One of the simplest ways to use text to speech in python is the module pyttsx3:

https://pypi.org/project/pyttsx3/

This module is a wrapper for the os-internal text to speech system-. At least for Windows, the results are satisfying.

In [1]:
import pyttsx3
import time
import os
os.chdir('../Python')
import WaveInterface

Filename = 'output.wav'

# initialize the speech synthesizer
engine = pyttsx3.init()

rate = engine.getProperty('rate')   # getting details of current speaking rate
engine.setProperty('rate', 125)     # setting up new voice rate

# https://ichi.pro/de/eine-einfuhrung-in-pyttsx3-ein-text-zu-sprache-konverter-fur-python-81905511310787
voices = engine.getProperty('voices')       #getting details of current voice
for voice in voices:
    print("Voice: %s" % voice.name)
    print(" - ID: %s" % voice.id)
    print(" - Languages: %s" % voice.languages)
    print(" - Gender: %s" % voice.gender)
    print(" - Age: %s" % voice.age)
    print("\n")

engine.setProperty('voice', voices[0].id)  #changing index, changes voices. 0 for german female
#engine.setProperty('voice', voices[1].id)   #changing index, changes voices. 1 for english female

# select the language
engine.setProperty('voice', 'german')

# select the text
sentence = "Lassen Sie die Ente zu Wasser."

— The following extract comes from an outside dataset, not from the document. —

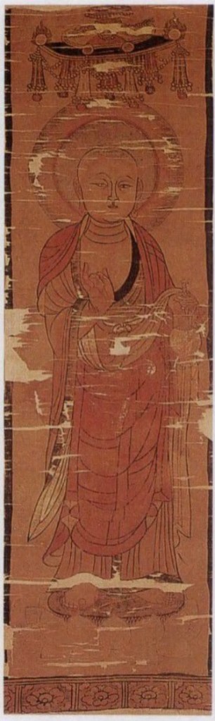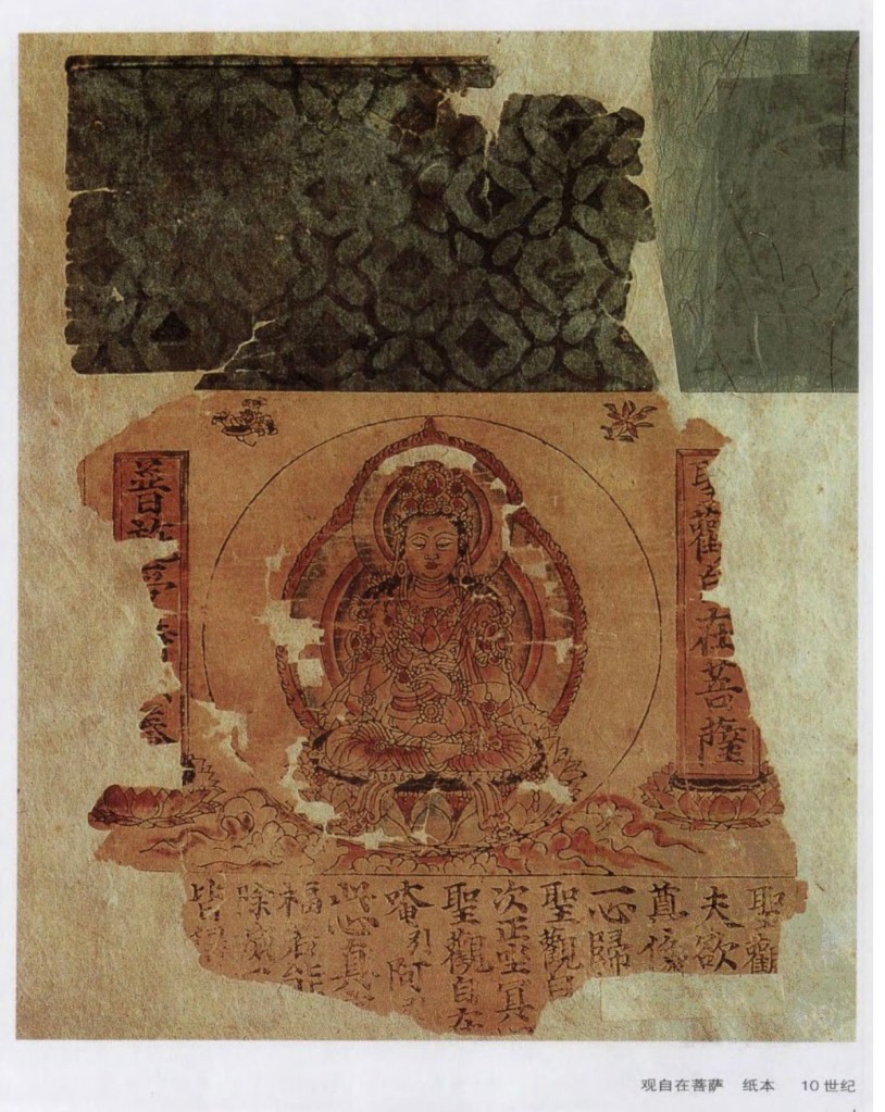 敦煌藏經洞紙本觀自在菩薩 不同一般立姿形象,極為少見。整體設計着重于圓心主軸的開展。端坐蓮台上,雲的造型是從下湧上,即是雲集瑞相之景。右側寫:聖觀自在菩薩,左為:普施受持供養。

Voice: Microsoft Hedda Desktop - German
 - ID: HKEY_LOCAL_MACHINE\SOFTWARE\Microsoft\Speech\Voices\Tokens\TTS_MS_DE-DE_HEDDA_11.0
 - Languages: []
 - Gender: None
 - Age: None


Voice: Microsoft Zira Desktop - English (United States)
 - ID: HKEY_LOCAL_MACHINE\SOFTWARE\Microsoft\Speech\Voices\Tokens\TTS_MS_EN-US_ZIRA_11.0
 - Languages: []
 - Gender: None
 - Age: None




In [2]:
StartTime = time.time()
# use the synthesizer to say the sentence
#engine.say(sentence)
# use the synthesizer to save the wave form to a file
engine.save_to_file(sentence, Filename)

# wait until everything is finished
engine.runAndWait()

StopTime = time.time()

## Latency and real-time capability
In order to measure the real-time capability of the algorithm on the used hardware, the length of the output waveform and the duration of evaluation is measured.

If the length of the output waveform is longer than the duraction of evaluation, the algorithm is real-time capable.

In [3]:
x, Fs, bits = WaveInterface.ReadWave(Filename)

print(str(x.shape[0] / Fs), ' seconds of audio generated in ', str(StopTime - StartTime), ' seconds')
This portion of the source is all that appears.